PROVIDED MATERIAL
■ ■ ■

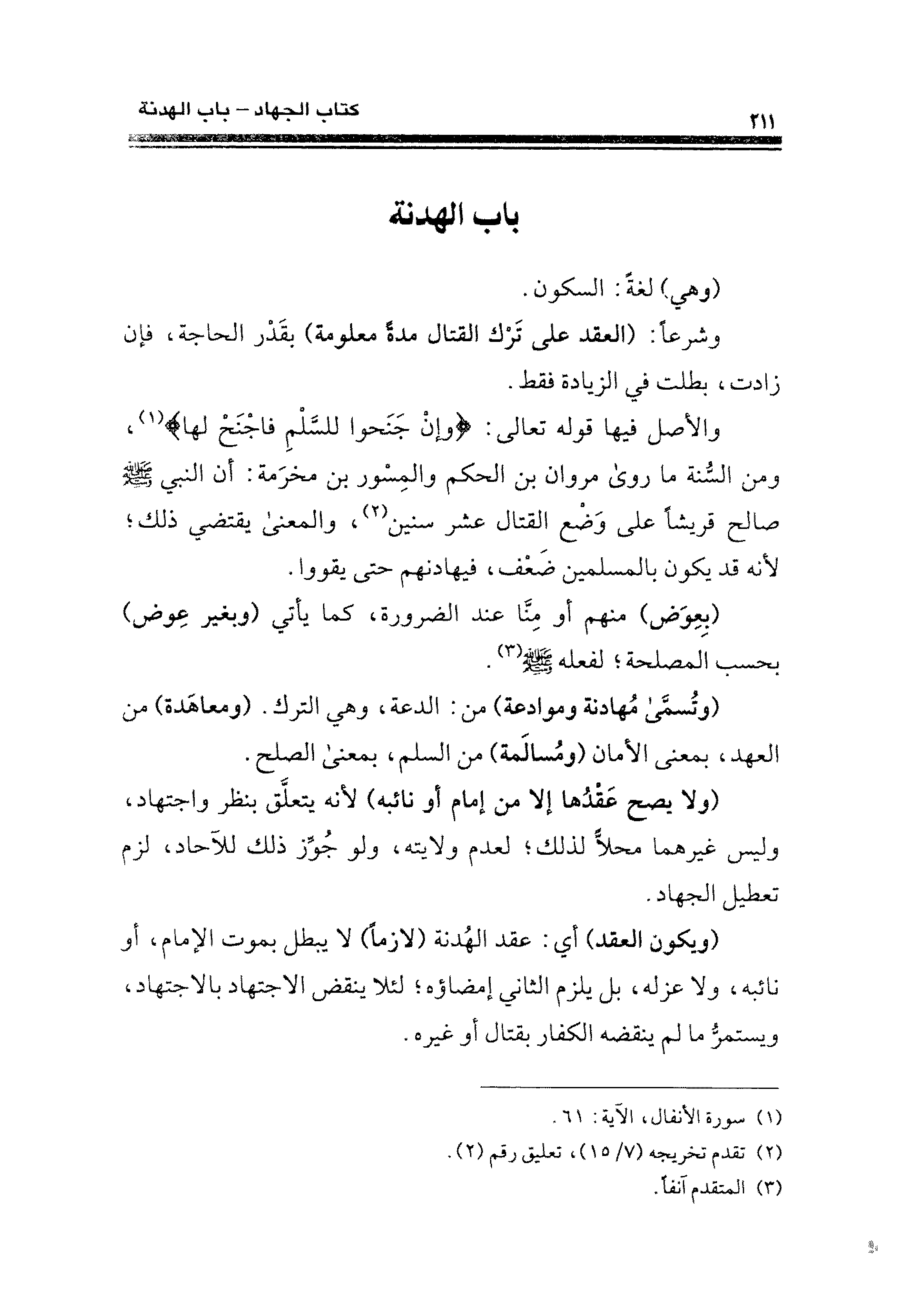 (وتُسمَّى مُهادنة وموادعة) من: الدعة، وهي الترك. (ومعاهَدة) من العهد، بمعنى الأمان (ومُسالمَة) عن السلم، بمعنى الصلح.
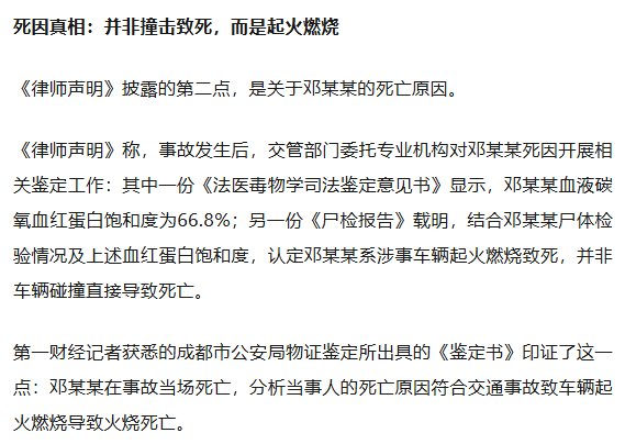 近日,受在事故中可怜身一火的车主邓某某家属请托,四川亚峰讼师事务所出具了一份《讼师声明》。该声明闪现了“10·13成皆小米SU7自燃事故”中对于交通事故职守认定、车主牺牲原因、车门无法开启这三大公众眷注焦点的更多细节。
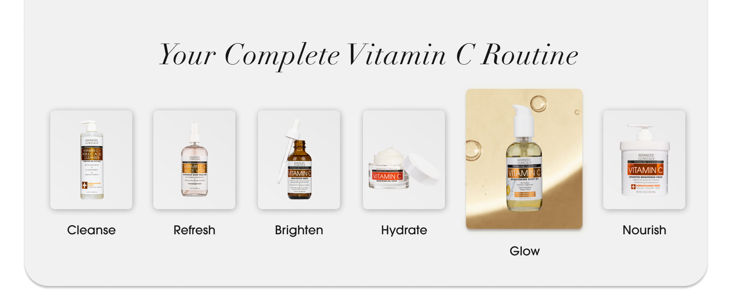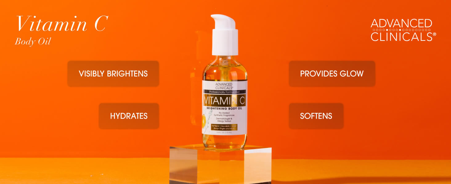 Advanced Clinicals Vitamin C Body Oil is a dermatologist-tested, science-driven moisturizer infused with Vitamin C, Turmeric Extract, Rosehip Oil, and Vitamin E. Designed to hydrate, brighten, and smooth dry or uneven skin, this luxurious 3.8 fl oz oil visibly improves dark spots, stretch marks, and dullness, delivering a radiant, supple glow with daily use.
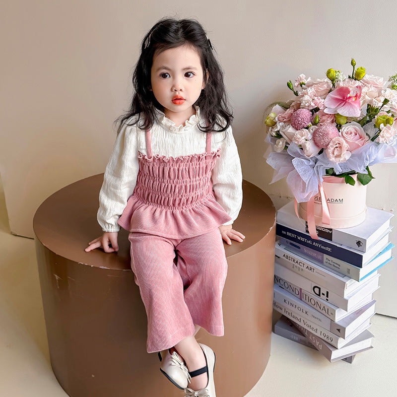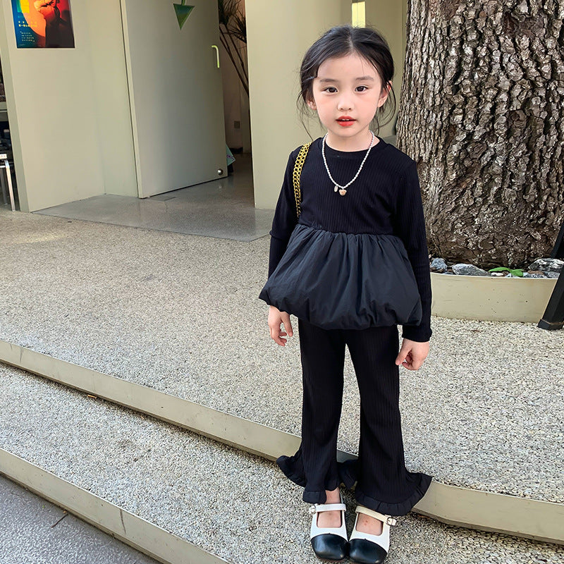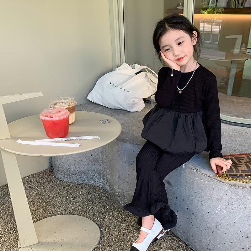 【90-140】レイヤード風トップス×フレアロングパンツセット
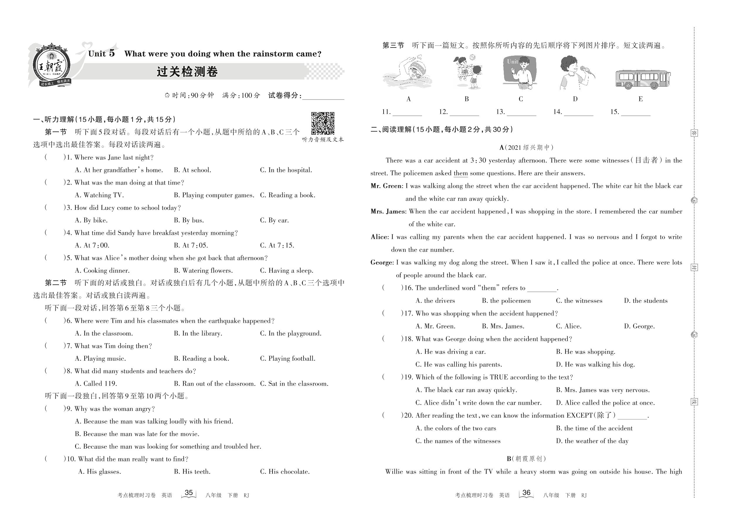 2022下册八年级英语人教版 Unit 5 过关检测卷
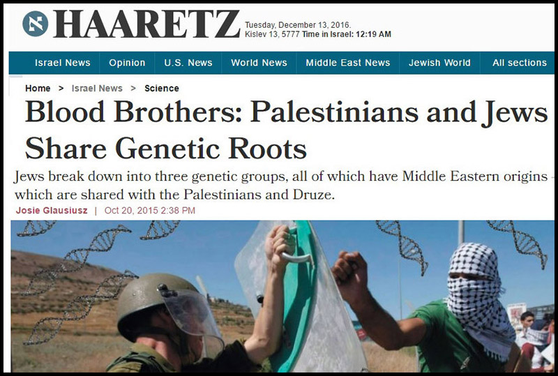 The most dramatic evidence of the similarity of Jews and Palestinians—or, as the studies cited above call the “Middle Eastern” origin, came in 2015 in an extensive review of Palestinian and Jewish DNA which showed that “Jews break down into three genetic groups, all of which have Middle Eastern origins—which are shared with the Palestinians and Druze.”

■ ■ ■

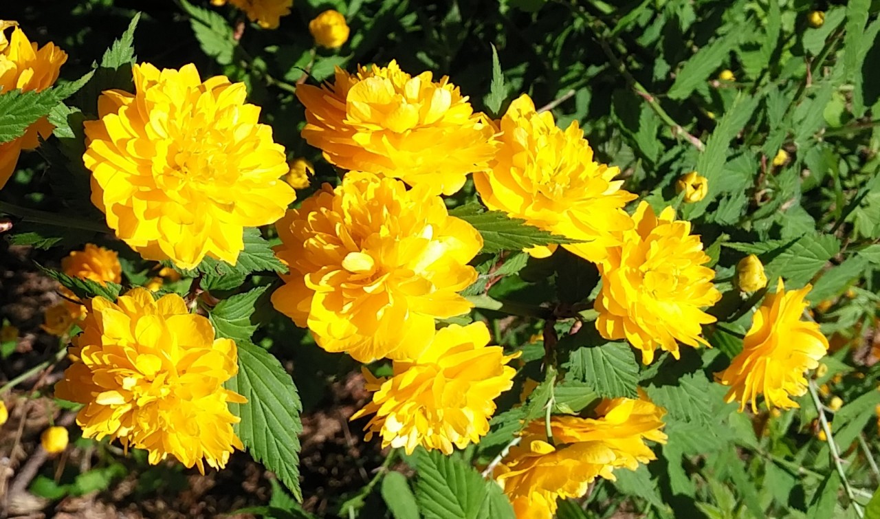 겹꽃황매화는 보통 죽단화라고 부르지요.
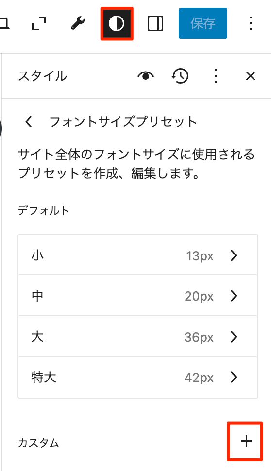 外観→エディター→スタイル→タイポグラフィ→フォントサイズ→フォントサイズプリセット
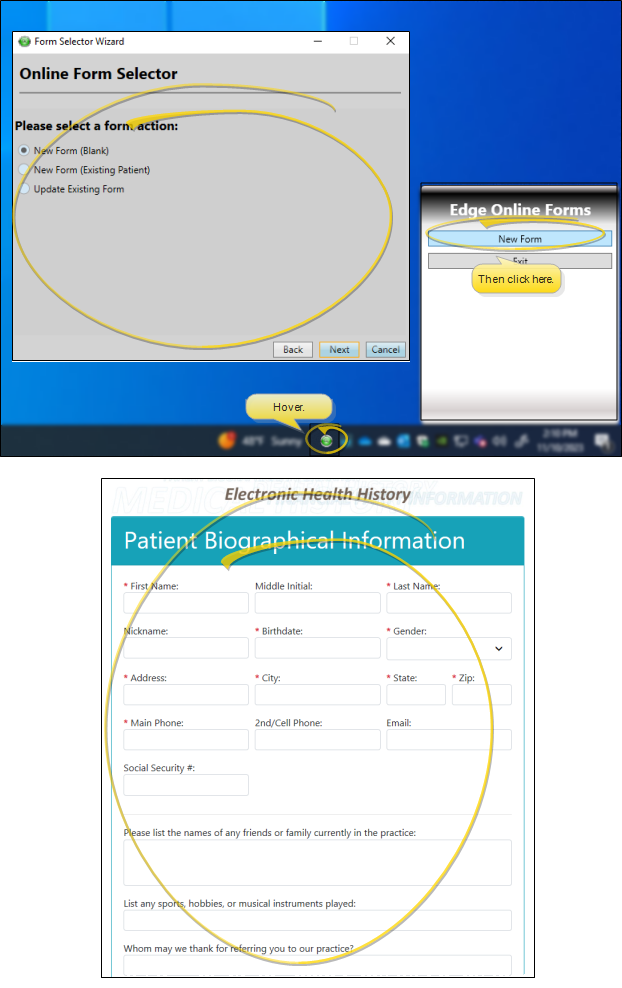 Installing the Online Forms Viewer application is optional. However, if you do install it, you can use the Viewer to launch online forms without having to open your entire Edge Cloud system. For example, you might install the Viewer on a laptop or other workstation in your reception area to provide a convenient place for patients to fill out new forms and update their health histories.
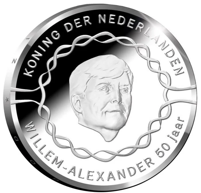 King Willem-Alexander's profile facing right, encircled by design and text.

■ ■ ■

REQUIRED WORK
Look above for the line containing "(وتُسمَّى مُهادنة وموادعة)", then write out every line from there down to the line containing "The most dramatic", that line included, with no pictures.

SOLUTION TO THE EXERCISE
 (وتُسمَّى مُهادنة وموادعة) من: الدعة، وهي الترك. (ومعاهَدة) من العهد، بمعنى الأمان (ومُسالمَة) عن السلم، بمعنى الصلح.
 近日,受在事故中可怜身一火的车主邓某某家属请托,四川亚峰讼师事务所出具了一份《讼师声明》。该声明闪现了“10·13成皆小米SU7自燃事故”中对于交通事故职守认定、车主牺牲原因、车门无法开启这三大公众眷注焦点的更多细节。
 Advanced Clinicals Vitamin C Body Oil is a dermatologist-tested, science-driven moisturizer infused with Vitamin C, Turmeric Extract, Rosehip Oil, and Vitamin E. Designed to hydrate, brighten, and smooth dry or uneven skin, this luxurious 3.8 fl oz oil visibly improves dark spots, stretch marks, and dullness, delivering a radiant, supple glow with daily use.
 【90-140】レイヤード風トップス×フレアロングパンツセット
 2022下册八年级英语人教版 Unit 5 过关检测卷
 The most dramatic evidence of the similarity of Jews and Palestinians—or, as the studies cited above call the “Middle Eastern” origin, came in 2015 in an extensive review of Palestinian and Jewish DNA which showed that “Jews break down into three genetic groups, all of which have Middle Eastern origins—which are shared with the Palestinians and Druze.”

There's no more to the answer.